Many existing prototype mine detection systems can detect only metal, have limited range or are impractical in the field. "Reliable methods that quickly and accurately locate land mines made of metal and plastic, unexploded ordnance and other mine-like targets are desperately needed," Haupt said.

Haupt and fellow Lincoln Lab staff member Ken Rolt developed a high-powered sound transmitter that looks like a stop sign studded with 35mm film canisters or prescription pill containers. This is called a parametric acoustic array, and Haupt and Rolt have built one of the most powerful ones around.

The array is made up of ceramic transducers--devices that emit a powerful narrow acoustic beam at ultrasonic frequencies. One meter away, the ultrasonic pressure level measures 155 decibels--more acoustic power than a jet engine. Immediately outside the beam, the acoustic intensity dies away to almost nothing.

By a process know as self-demodulation, the air in front of the acoustic beam converts the ultrasound to much lower frequency audible tones that sound like extremely loud tuning forks. Unlike ultrasound, the low-frequency sound can penetrate the ground, causing detectable vibrations in the mine's plungers and membranes.
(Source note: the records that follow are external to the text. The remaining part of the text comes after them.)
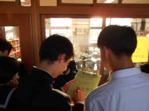 毎週水曜に各学級で行っているふれあいタイムを、今回は全校で行いました。執行部が企画し、全校でクイズラリーをしました。各学年から2名ずつ、計6名のグループを作り、18個のクイズに挑戦しました。互いの考えを聞きながら、協力して取り組んでいました。
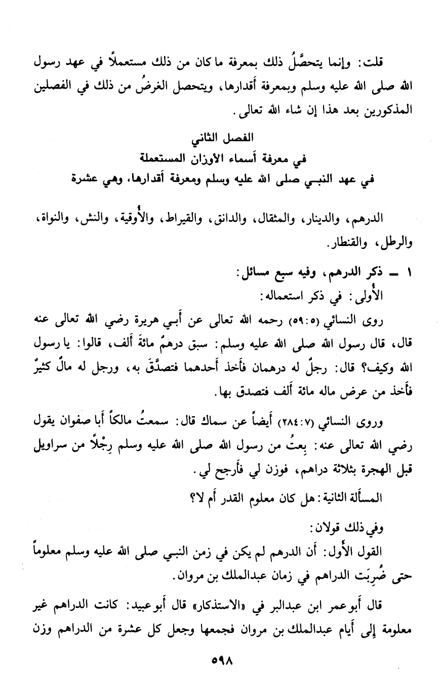 الفصل الثاني في معرفة أسماء الأوزان المستعملة في عهد النبي صلّى الله عليه وسلم ومعرفة أقدارها، وهي عشرة
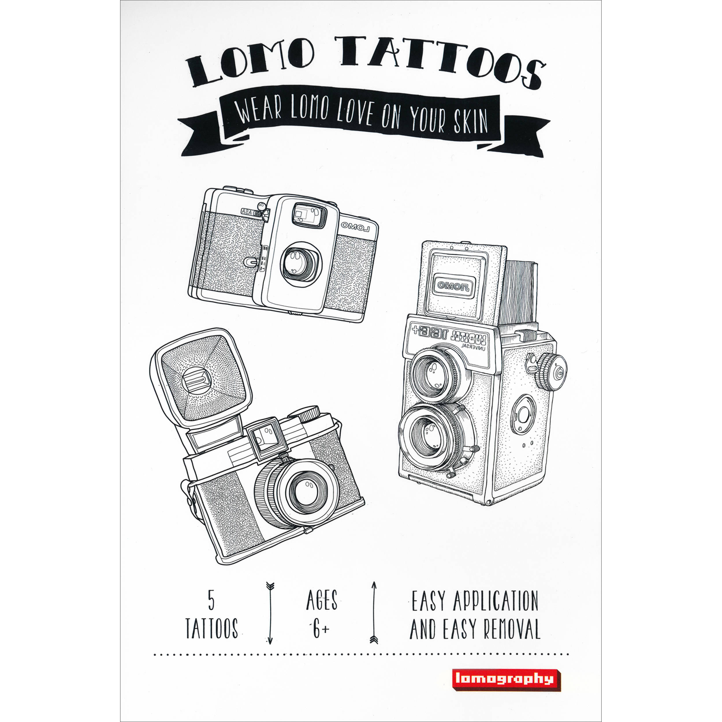 Lomography Temporary Tattoos 5 Pack Various Designs

"The use of ultrasound allows us to make a very narrow and highly directional beam, like a sound flashlight," Haupt said. It would take a huge number of conventional loudspeakers to do the same trick, and they would weigh too much, take up too much space and use too much power to be practical, he said. Plus, they would deafen anyone within earshot. "Using a narrow sound beam, we can put sound just where we want it, and we can minimize sound levels outside the beam to avoid harming the operators or people nearby," he said.